Wednesday, October 9, 2013

Art - the Gift that Keeps on Giving

A new term has started and here I am, furiously dogpaddling to stay above the work load! It's week 2, which means that thesis topics need to be brewing in my mind, and soon (hopefully) percolating down through my fingers, into nicely written papers.

For one class I have to choose an ancient work of art that has been reused and write a paper about it. Upon thinking hard about this, I came up blank. Of course I could think of examples of reused works: the Mona Lisa, American Gothic, Michelangelo's David, the Birth of Venus--but none of these were from the right time period!

So I panicked a little.

Since then examples have been popping into my mind at the most random times. For example:
 

Venus of Samothrace, Greek



Unique Forms of Continuity in Space, Umberto Boccioni
Or this one:
 
 

Detail from mosaic of Alexander the Great


Detail from Guernica, Pablo Picasso
 All right, maybe that's just a similarity, not a reuse. But what about this one:


 

Kouros, Greek

Kouros, Isamu Noguchi
                       
 And what about this?
 

Venus of Laussel

     
Woman I, Willem de Kooning

The point is that there are plenty of examples of reused images in art--all of mine are modern, but that's just because I know modern art best. It's easy to say that modern works are indebted to their antecedents, whether directly or indirectly, because isn't this true? By studying the art of the past, modern artists have set themselves up to think about old themes, old styles, old works of art. Imitation could very well be accidental in some of the cases above, and it shouldn't be surprising that certain themes recur through art again and again even without any relation.

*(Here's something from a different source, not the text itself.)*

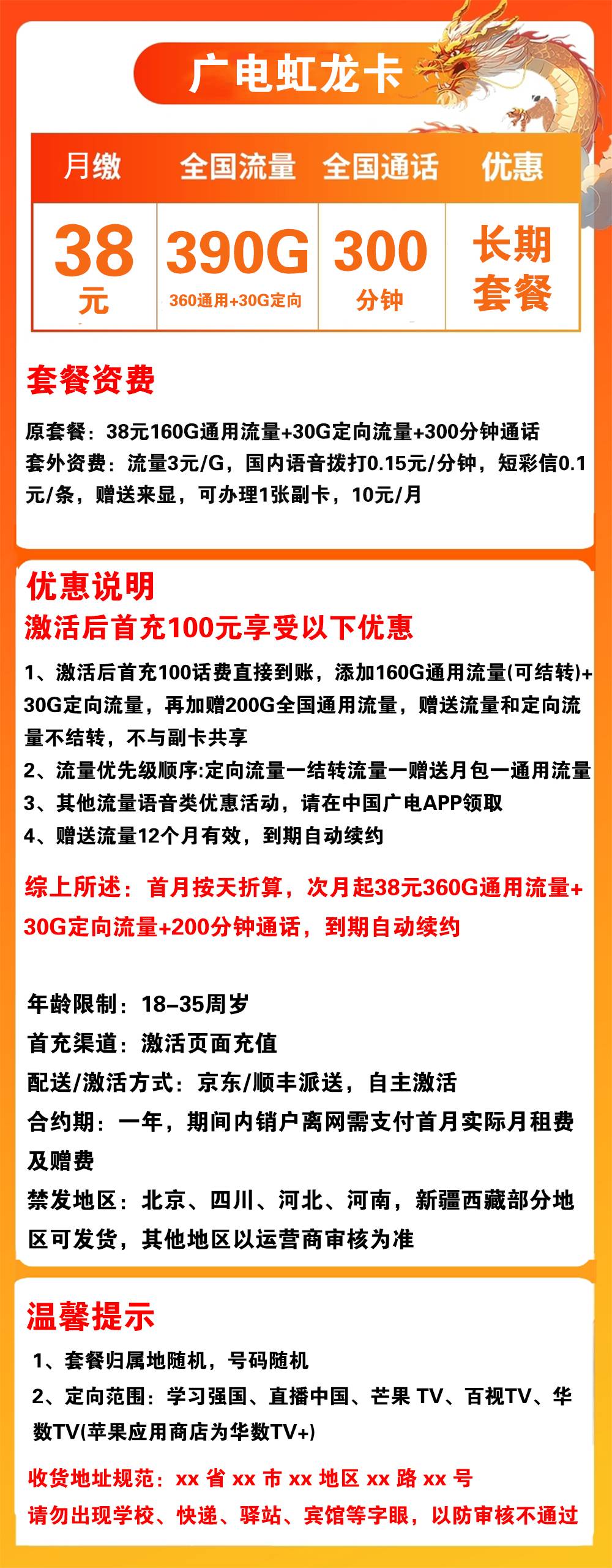 F1631/广电虹龙卡38元390G流量+300分钟通话【发全国】【长期套餐】

At the same time, it's in our nature as human beings to compare the new to the old, to hold one image up in light of those that have come before. Because new art should be new, but at the same time must be comprehensible, meaning that it must have some connection to what we already consider art. Whether artists draw visual or thematic cues from the past, they undoubtedly do draw something. Has any art ever been created in a vacuum? I don't think it's possible, as no person lives in a vacuum. We are all a product of our influences and experiences, whether in life or art.